I'm pleased to welcome Lois Winston and her new release. I love the cover of this book! It's going on my TBR list.
An Anastasia Pollack
Crafting Mystery, Book 5
The
adventures of reluctant amateur sleuth Anastasia Pollack continue in
A Stitch to Die For,
the 5th book in the Anastasia Pollack Crafting Mystery series by USA
Today bestselling author
Lois Winston.
Ever
since her husband died and left her in debt equal to the gross
national product of Uzbekistan, magazine crafts editor and reluctant
amateur sleuth Anastasia Pollack has stumbled across one dead body
after another—but always in work-related settings. When a killer
targets the elderly nasty neighbor who lives across the street from
her, murder strikes too close to home. Couple that with a series of
unsettling events days before Halloween, and Anastasia begins to
wonder if someone is sending her a deadly message.
Excerpt
After
nearly an hour of battling rush hour traffic, I finally arrived home,
relieved to find neither Ira’s van nor Lawrence’s car parked at
the curb. After last night’s chaos, I looked forward to a
relatively peaceful dinner—relatively
being the operative word. After all, I never knew what to expect from
my mother-in-law.
However,
as I turned to head into the house, an unexpected shaft of bright
light caught my eye. Across the street, Betty Bentworth’s door
stood half ajar, the glow from her foyer chandelier spilling out onto
her front porch.
Betty—otherwise
known as Batty Bentworth—spent her life seated in front of her
living room window where she spied on her neighbors. She kept the
Westfield police on speed dial, often calling multiple times a day to
complain about anything and everything, once even demanding the
arrest of her six-year-old next-door neighbor for vandalism. The
child’s crime? She’d drawn a chalk hopscotch board on the
sidewalk in front of Betty’s house.
Batty
Bentworth was not someone who left her front door open—especially
after dark.
Like
everyone else in the neighborhood, I kept my distance from Mrs.
Bentworth. You never knew what would set her off, and it was best not
to get on her bad side. Not that she had a good side from what I knew
of her.
Still,
I couldn’t ignore that open door. Rather than head across the
street, I decided to call her. Maybe she’d gone out earlier to
retrieve her mail, and the door hadn’t latched completely when she
returned. The stiff October breeze blowing down the street may have
pushed the door open.
I
whipped out my cell phone, scrolled to her number, and placed the
call. The phone rang. And rang. And rang. After a dozen rings I hung
up, sighed, and reluctantly crossed the street.
“Hello?
Mrs. Bentworth?” I called through the open door. No answer. I
shouted her name. “Mrs. Bentworth!” Only the sound of the six
o’clock news blaring from her television greeted me.
I
stepped inside and shouted above the Eyewitness News reporter. “Mrs.

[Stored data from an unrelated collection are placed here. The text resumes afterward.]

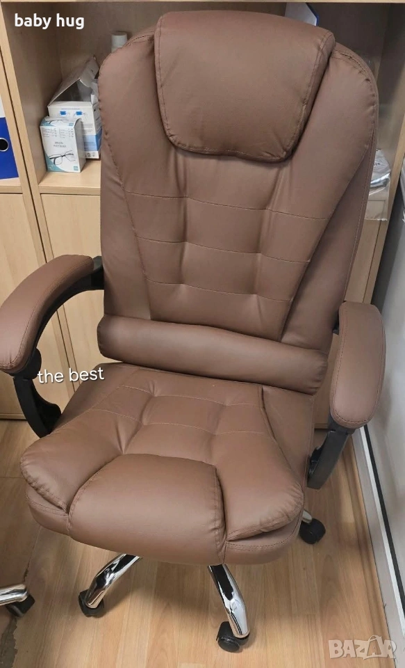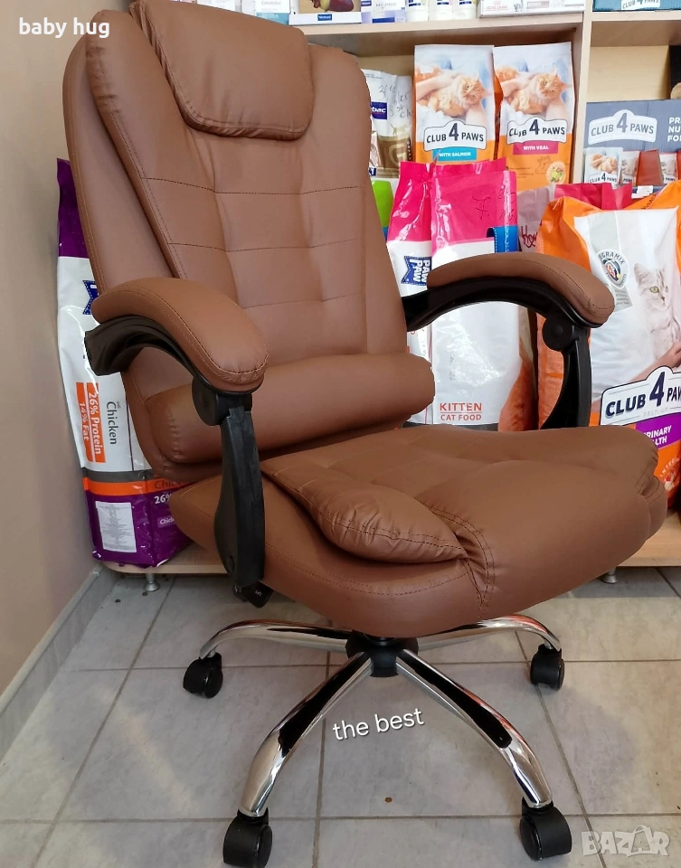 Ергономичен офис стол с лумбална опора от еко кожа – комфорт за дълги часове без болки. Цена 77€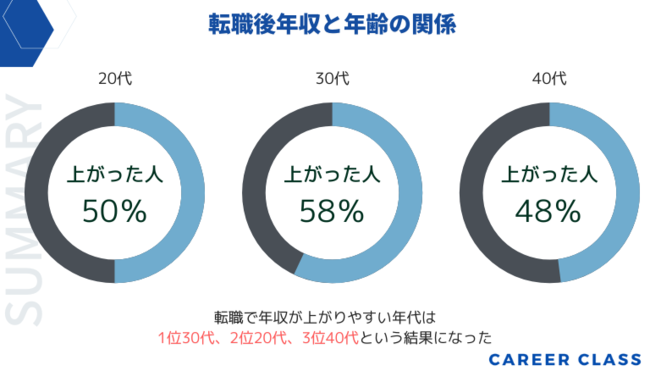 ・転職で年収が上がりやすい年代は、1位30代、2位20代、3位40代という結果になりました。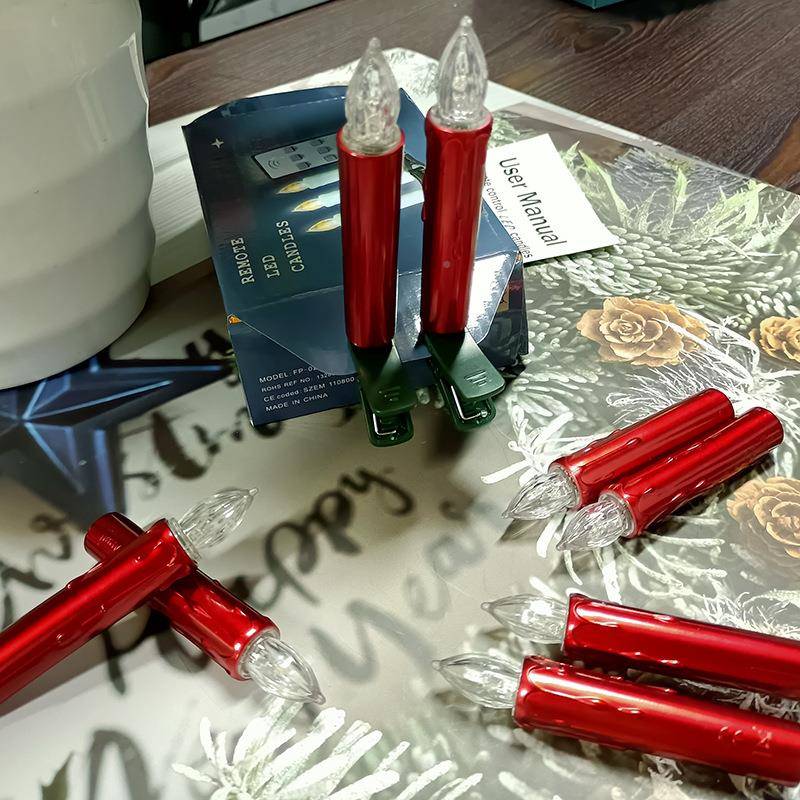 ED蠟燭燈紅色外殼帶夾子定時圣裝 02廠節(jié) 誕樹L桿飾7鍵遙控蠟工FP由

Bentworth! It’s Anastasia Pollack. Your front door is open.”
A
sense of déjà vu washed over me. Less than two weeks earlier I’d
discovered Rosalie Schneider, another elderly neighbor, unconscious
at the bottom of her basement stairs. I took a few steps into the
foyer and turned toward the dimly lit living room. Batty Bentworth
sat on her sofa, a multi-colored crocheted granny square afghan
draped across her lap, her gaze fixated on the news broadcasting from
an old black and white console television set.
“Mrs.
Bentworth, didn’t you hear me?”
When
she didn’t respond, I stepped between her and the television. She
continued to ignore me, but now I knew why. Batty Bentworth was
dead—but not from natural causes.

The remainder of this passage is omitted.